Thème : Bruit
Contrainte : Sans chichis
Ça fait comme un tintement.
Ça fait dans son oreille comme un tintement dont il ne peut se défaire, qui l’accompagne partout, du matin au soir, du soir au matin.
C’est au réveil que ça lui paraît le plus difficile, car il ne connaît plus le calme, il ne connaît plus ce silence dont il se demande maintenant s’il n’existe que dans son imagination. Quand il demande aux gens si parfois ils n’entendent rien, rien du tout, tous lui répondent que oui, bien sûr. Il en vient à douter.
Peut-être que ce qu’il appelait jusqu’ici le silence était non pas une absence de son, mais un éventail d’autres bruits que l’on ne remarque pas d’habitude parce qu’ils sont occultés. Ces bruits à l’aide desquels, dans certaines pièces conçues à cet effet, on torture les gens : les articulations qui craquent, la respiration qui prend trop de place, une pulsation dans les tempes, l’écoulement du sang dans les veines. Le supplice de la goutte d’eau, mais infligé par notre propre corps. Quel génie !
Mais cet ersatz de torture que son propre cerveau lui fait subir, il sent bien qu’un jour il n’en pourra plus. Alors il essaie de noyer ce bruit avec un autre, un bruit de fond perpétuel : la musique au réveil, la radio au petit-déjeuner, une bande originale de film quand il travaille, une vidéo à table le midi, une émission de télé le soir pendant le dîner, la sono dans les bars en soirée, le podcast quand vient le moment du coucher… S’il ne connaît plus le silence, c’est parce qu’il en a décidé ainsi. Pas parce que son corps le lui interdit.
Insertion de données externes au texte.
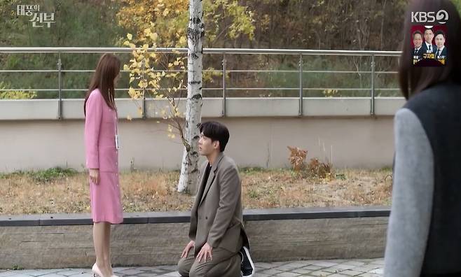 2일 방송된 KBS 2TV ‘태풍의 신부’에선 바다(오승아 분) 앞에 무릎을 꿇고 자신을 놓아 달라고 호소하는 산들(박윤재 분)의 모습이 그려졌다.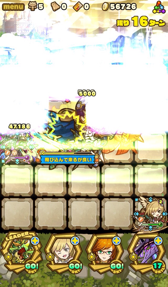 ダメージは5000×2。下手したらやられるから、事前に倒されないようにHPは減らさないように注意しておく。

Cela fonctionne un temps, mais bientôt tous les sons qu’il n’a pas choisis commencent à l’agacer. Une conversation dans le métro, quelqu’un qui tapote un rythme ou bat du pied, le bruit des doigts sur un clavier, bientôt il ne peut plus rien supporter, il se sent comme saturé.
Qui plus est, le tintement commence à reprendre le dessus. Parfois, il a l’impression que quelqu’un baisse le volume du monde, ou en tout cas l’étouffe, comme si les fréquences aiguës disparaissaient soudain pour laisser place à ce sifflement qui attend là, en embuscade. Dès qu’il est trop fatigué, ou qu’il a fait un effort trop important, le tintement retentit et recouvre tout, l’irrite, l’obsède, réduisant le monde entier à une fréquence dont il ne peut se défaire, une litanie qu’il ne peut oublier.
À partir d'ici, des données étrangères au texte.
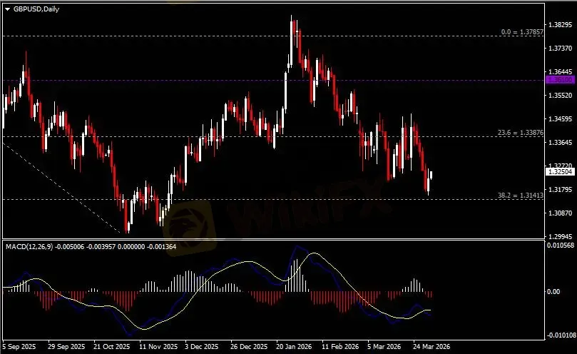 日线图显示英镑兑美元低位反弹,当前收于1.3140支撑。从MACD来看,快慢线死叉依旧,红色动能柱温和放量。汇价走势和动能柱的变化呈分歧。

On dit que l’acouphène est le chant du cygne de nos cellules ciliées. Coiffées de filaments qu’on appelle les stéréocils, celles-ci transforment les vibrations qui constituent tous les sons en un signal que le cerveau peut interpréter. Lorsque l’une d’entre elles est endommagée, la fréquence à laquelle elle correspond n’est plus perceptible et, ne sachant s’il l’entend ou non, notre cerveau produit ce son en continu, un tintement qui persiste, comme un hommage à cette partie de la musique du monde que nous n’entendrons plus. Ce geste a une certaine beauté : une fois endommagées, les cellules ciliées ne peuvent plus nous transmettre cette partie de la symphonie dont nous faisons partie, alors elles nous jouent une dernière note, pour l’éternité.
Il ne connaîtra le silence que dans la mort. Alors il se dit que le tintement est une preuve de vitalité. Ces fréquences qu’il ne perçoit plus et qui sont pourtant toujours avec lui, elles sont la preuves qu’il est en vie, qu’il a vécu. Elles sont ses chœurs, comme si l’existence était un concert dans lequel il est perpétuellement accompagné par une assemblée qui chante toutes les notes qu’il a jamais entendues.
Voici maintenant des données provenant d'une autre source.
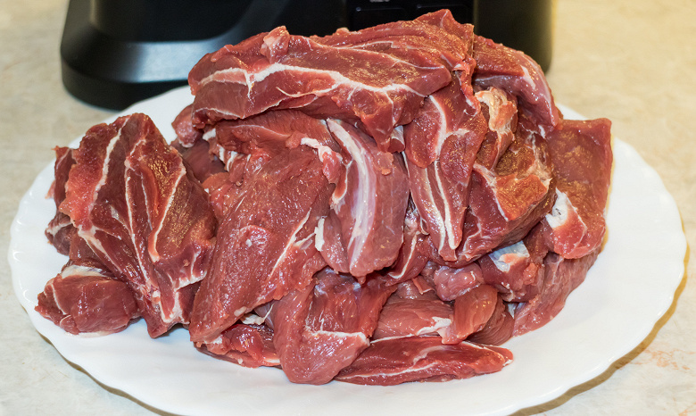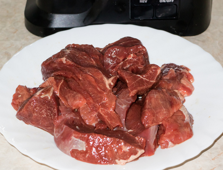 В этот раз мы решили приблизить наши испытания к максимально реалистичной ситуации — не стали мыть насадку после теста со свининой. Поэтому по завершении работы и фотографирования ножа и шнека, мы установили детали на место, закрутили кольцо и приступили к следующему эксперименту. Для него мы взяли 730 г говядины — шейную часть без большого количества жил и пленок.

Le temps passe et seuls nous restent les souvenirs. Le tintement l’empêche d’oublier, tel un cortège de notes, un accord perpétuellement enrichi autour duquel il peut improviser.
Ça fait dans son oreille comme un tintement. Ça va, ça vient, ça ne le quittera plus jamais.
Ça fait comme un tintement, mais il apprend à l’apprécier.